Posted by Martin Connelly on 17/09/2023 08:05:44:
Classics scholars are the ones who tried to insist you should not split infinitives and so tried to apply this Latin rule to English.
That's not really the case, Martin; the people who insisted on it were really just linguistic prescriptivists – a species that is clearly very much alive and kicking today, on this forum and elsewhere.

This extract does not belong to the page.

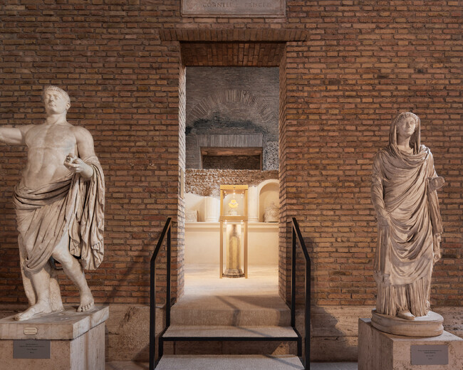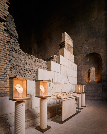 新作「エテルナ」の主要作品の数々は、イタリアの建築家リナ・ボ・バルディにインスパイアされたディスプレイと、歴史あるヴェネツィアの織物メーカー、ルベッリによる高密度のジャカード技法で実現した、画家であり建築家のジョヴァンニ・バッティスタ・ピラネージの版画を見事に再解釈した貴重な特注タペストリーと共に披露されました。この版画は、テルメ・ディ・ディオクレツィアーノのアンティーク見取り図と、ピラネージが1756年に出版した『Antichita Romane』に収めた、セプティミウス・セウェルス時代(紀元203年から211年)の大理石の板に刻まれたローマの古地図「Forma Urbis Severiana」の複製で、ローマの歴史的遺産とイタリアの芸術、職人技、技術を称える傑作であり、ブルガリ、Istituto Centrale per la Grafica、そしてルベッリのコラボレーションによって実現しました。

In any case, any classical scholar worth his or her salt would know that the periphrastic tenses of the infinitive in Latin, of which there are several, consist of two parts that are regularly split by classical Latin writers, as they are by Latin writers of all periods. Other tenses of the infinitive in Latin are just one word, which you can't split whether you want to or not. How we form and use the infinitive in English is completely different. It's not unreasonable to say English doesn't even have an infinitive as such.
The only sane viewpoint really is to say that how one language happens to work is no basis for saying how another language should work.
Posted by SillyOldDuffer on 17/09/2023 10:41:48:
I would like to humbly point out that the plural of radius is radii…Let me put a spoke in the wheel! As Archimedes was Greek, and didn't speak Latin, it's obvious the right word must be Ακτίνες. Pity I can't pronounce it.
You got the Greek almost right, Dave: the accent is in the right place but you should have used a circumflex, not an acute.
Posted by JasonB on 17/09/2023 06:59:36:
I'm happy with either and know what is meant, maybe it's because I'm a bit common and never went to a posh school where Latin was a subject
I personally know several people, Jason, in different parts of the world who didn't go to a posh school or study Latin there, but who have managed to become highly accomplished Latinists. They are autodidacts, essentially.
I suspect you are an autodidact too in large part when it comes to engineering and IT-related matters.